Edison-New Brunswick Metro Area, NJ

Posted: 10/09/2019 Job Type: Scientific Job Number: JN -102019-25784

Duties:

As a certified investigator, support compliance-related activities in the Quality Control (QC) department (Bioanalytics, Microbiology and Raw Materials) within established timelines.

Lead and perform QC deviation investigations to adequately identify root cause and assign appropriate corrective and preventative actions (CAPAs) to prevent reoccurrence to support QC department operations

Lead and perform out-of-specification (OOS)/out-of-expectation (OOE)/out-of-trend (OOT) investigations to support QC department operations

Employ standardized root cause analysis, investigation tools and methodologies

Utilize Quality Management Systems such as Trackwise for owning QC investigations and tracking statuses

Train on Bioanalytics, Microbiology, and Raw Material test methods to build a knowledge base to support compliance-related activities

Participates in cross-functional teams for 5S/lean lab projects and continuous improvement programs to maximize efficiency

Participate in internal and external GMP and HSE audits

Timely delivery on commitments and departmental KPIs.

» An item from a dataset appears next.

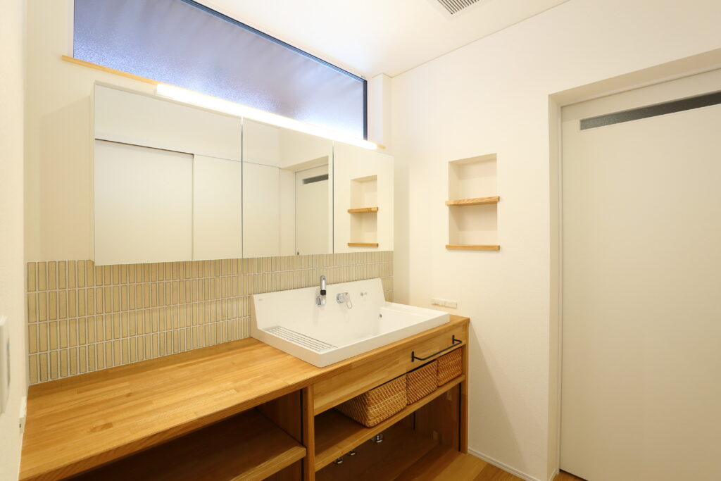 海外製の大容量フロントオープンの食洗器や、造作洗面にハイバック式の洗面器を組み合わせるなど、こだわりながら、家事ラクも実現しています。

Ensure adherence to all company policies and procedures relating to current Good Manufacturing Practices, Standard Operating Procedures and Health, Safety and Environmental Protection regulations

Other duties as assigned


Skills:

To support both domestic and international activities, working off shift or weekends may be necessary on short notice

Minimum 5 years of relevant experience in pharmaceuticals, biologics, microbiology, or aseptic manufacturing

Previous experience in execution of OOS/OOE/OOT investigations and deviations

Knowledgeable in FDA/EMA/JP guidelines and cGMP requirements

Knowledge and familiarity of LabWare LIMS and/or other QC data systems

Knowledge of Quality Management Systems, such as Trackwise, ESOPS, and Subway

Proficient using Microsoft Office (Word, Excel, PowerPoint, Project)

Detail-oriented with expertise in problem solving and solid decision making abilities

Strong written and verbal communication skills are essential

To support both domestic and international activities, working off shift or weekends may be necessary on short notice

May use a computer for extended periods

Must be proactive, responsive, and able to work independently

Must be able to plan, prioritize and execute multiple tasks simultaneously under tight deadlines

Must be able to challenge processes to improve quality and efficiency.

Possess strong verbal, written technical communication and interpersonal skills.

Be able to network within and outside the organization

Detail-oriented with expertise in problem solving and solid decision making abilities

Strong analysis and decision making skills surrounding documentation


Education:

BS/MS or equivalent in biology, chemistry, biochemistry, microbiology or other related science.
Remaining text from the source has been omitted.